How Funny Is She? Extremely. Cookie perfectly embodies Deconstructing Harry's edgy, prickly vibe. For years, Allen had been criticized for his all-white casts, so it seemed either provocative or tone-deaf that when he finally gave a black actor a prominent role, it was as a hooker. But that hardly mattered. Cookie is easily one of the smartest, shrewdest, funniest characters in one of Allen's most underrated dark comedies. Goodman gave Cookie a grit and realness that, at that stage of Allen's career, had almost seemed to disappear from his movies. (I expected Goodman to break out after this film: She's a force of nature in the role.) Here, Allen didn't treat being a hooker as an easy comic device: It's actually dark and a little sad. Which, of course, made it even funnier.
Celebrity (1998)
The Hooker: Nina (Bebe Neuwirth), who advises Judy Davis' character on how to give blowjobs, using a banana.

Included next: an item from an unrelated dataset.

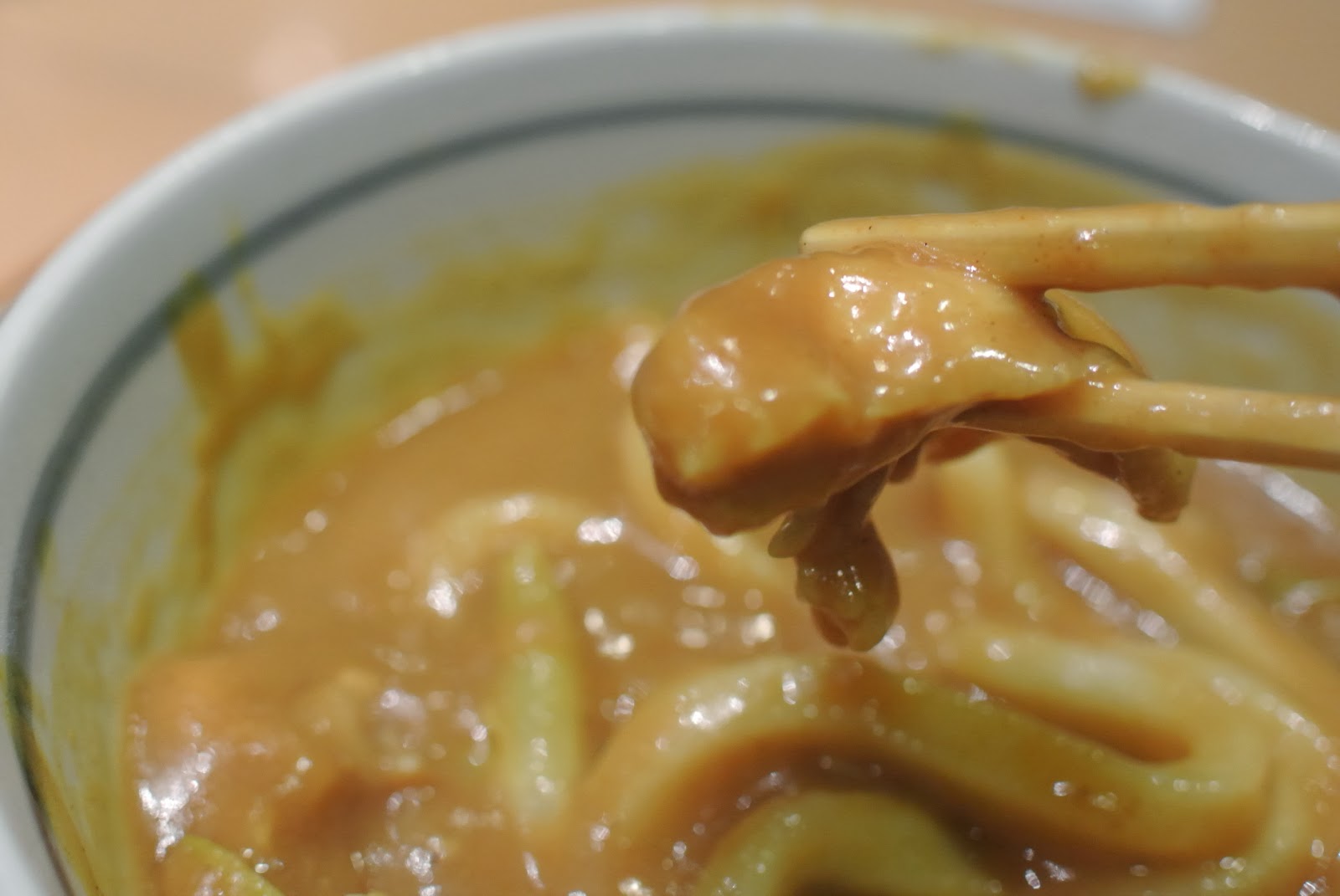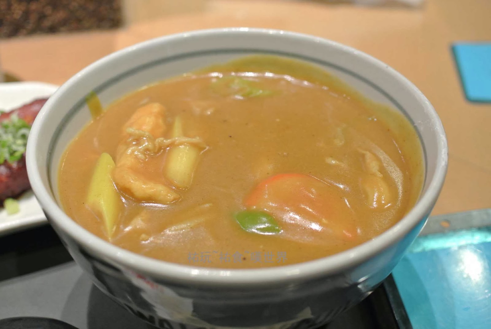 咖哩湯底非常濃郁,見到旁邊的日本人大口大口地喝下湯底,真是佩服!

How Funny Is She? Nina is one of the most depressing examples of Allen's habit of wasting perfectly good actors in thankless bit roles. This is the only Allen film Neuwirth has ever been in. She deserves better. Hell, so does Davis: They're giving blowjobs to bananas.
You Will Meet a Tall Dark Stranger (2010)
The Hooker: Charmaine (Lucy Punch), a dim-bulb prostitute who marries the recently divorced Alfie (Anthony Hopkins). But she's not really a hooker—she's just doing this part-time. She's really an actress.
How Funny Is She? God bless Punch, she tries to make a complete cliche work. But she's not playing a character—she's serving as a warning to older men that younger women are just the worst thing ever. And, really, is the idea of a ditzy prostitute that funny? Sadly, Allen sure thinks so. And with next weekend's To Rome With Love, he sure hopes you do, too.